Wednesday, June 13, 2012

Carrots, Cukes, and Comedy

It was field-trip day of sorts in my house.  


I was able to successfully drag The Boy out of bed well before noon* and we went to the farmer's market. 


In addition to some garlic, peaches, jam, and blackberries, I am now the proud owner of this: 


Not actual size.  The real thing can be used as a weapon.



Which I'm aware closely resembles a tusk. But this, my friends, is a cucumber.  

That's right.  

I didn't know they made them like that either. The hard sell came with assurances that I don't have to peel it! It will last two weeks in my fridge! It's the BEST. CUCUMBER. EVER. People come running back for more after they eat it! I felt compelled after that moving speech to honor this magical vegetable in a respectful and artful manner to preserve for all time: 

I've entitled it "Still Life"





Want to know something else? Those round things I used for eyes? 


Cucumbers.

Who knew?


They're called "lemon cucumbers" and I got them from a different vendor. Apparently they're the BEST. CUCUMBERS. EVER. You can use them the same way you use regular cucumbers but they SO MUCH BETTER. Plus they look simply fantastic in still life photography! 


OK, I made that last part up. The vendor didn't actually tell me that, I figured it  out on my own. 


Obviously I bought some. They only set me back $1.75. The tusk U-cuke was pricier: $8 for that thing, which I swear weighs the same as an adult cat. Not that my own adult cat is a good bench mark, but that's another story. 


And then there was the carrot




Granted it looks more like a device one would find in a XXX-rated movie as opposed to you know, a root vegetable. But we were assured by the vendor who was selling them that it is the BEST. CARROT. EVER. He gave us this one for free to prove his point.  

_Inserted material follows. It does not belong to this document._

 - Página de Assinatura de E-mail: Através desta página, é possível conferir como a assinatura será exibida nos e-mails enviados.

For the record it tastes like a carrot. 

But that's not what I wanted to tell you about.  

What I wanted to tell you about is after the visit to the farmer's market, the kids and I went to get something to eat at a small local place. They make sandwiches and salads, which are OK, but they're really known for the noms made on site: cookies, scones, brownies, pies.  After eating, The Boy had to visit the facilities, which is pretty standard.  

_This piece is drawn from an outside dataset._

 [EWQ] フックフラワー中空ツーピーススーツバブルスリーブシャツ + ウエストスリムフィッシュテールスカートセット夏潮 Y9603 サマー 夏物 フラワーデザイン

As Libby and I are waiting for him, I hear his voice: 


"That bathroom is labeled 'unisex' but I have to say it's an insult to my manhood!** There are pictures of women's undergarments*** hanging in there! And there's a picture of a little girl! She can't be older than 5! I'm sure I'm breaking some kind of federal law pulling down my pants in front of that thing."  

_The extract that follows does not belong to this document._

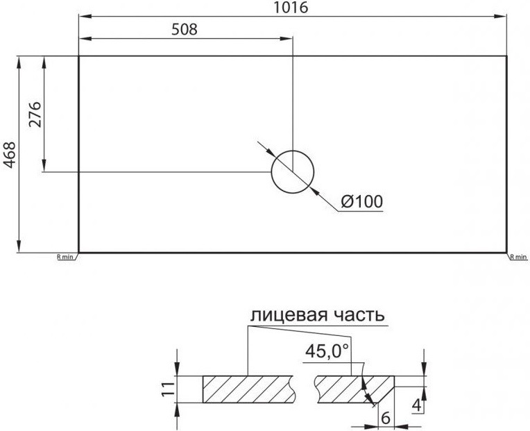 - столешница поставляется с отверстием под раковину-чашу, без отверстия под смеситель, для установки с настенным смесителем

This, he was saying not to me, but to the women at the front counter. 


My son the stand-up comedian. 


But wait! There's more. 


I'm sorry, there's not more.  I thought I could post a video of my kid rapping. 


Not rapping just anything, mind you.  


He was rapping Shakespeare. 


Henry IV, part I to be exact. 


But I can't back it up with the actual video because right now it just exist on Facebook and I'm not friends with his friend who posted it. 


So never mind. ->


*I threatened to take his picture in bed and post it on Facebook. This tactic proved quite effective. 


**He doesn't turn 18 for another 10 days, so I guess he's legally a man very soon. Still, hearing a high-schooler use this term is comical. 


***Yeah, he actually said "undergarments". 

2 comments:

Nectarine said...

Ok, yeah, great post and whatever, blah blah blah...you have PEACHES ALREADY? I'm sooo jealous! Here in Ontario Canada our farmers markets will not have peaches until August. I wait for it so long each year. PEACHES!

Tanya said...

I cannot tell a lie. The peaches are fantastic.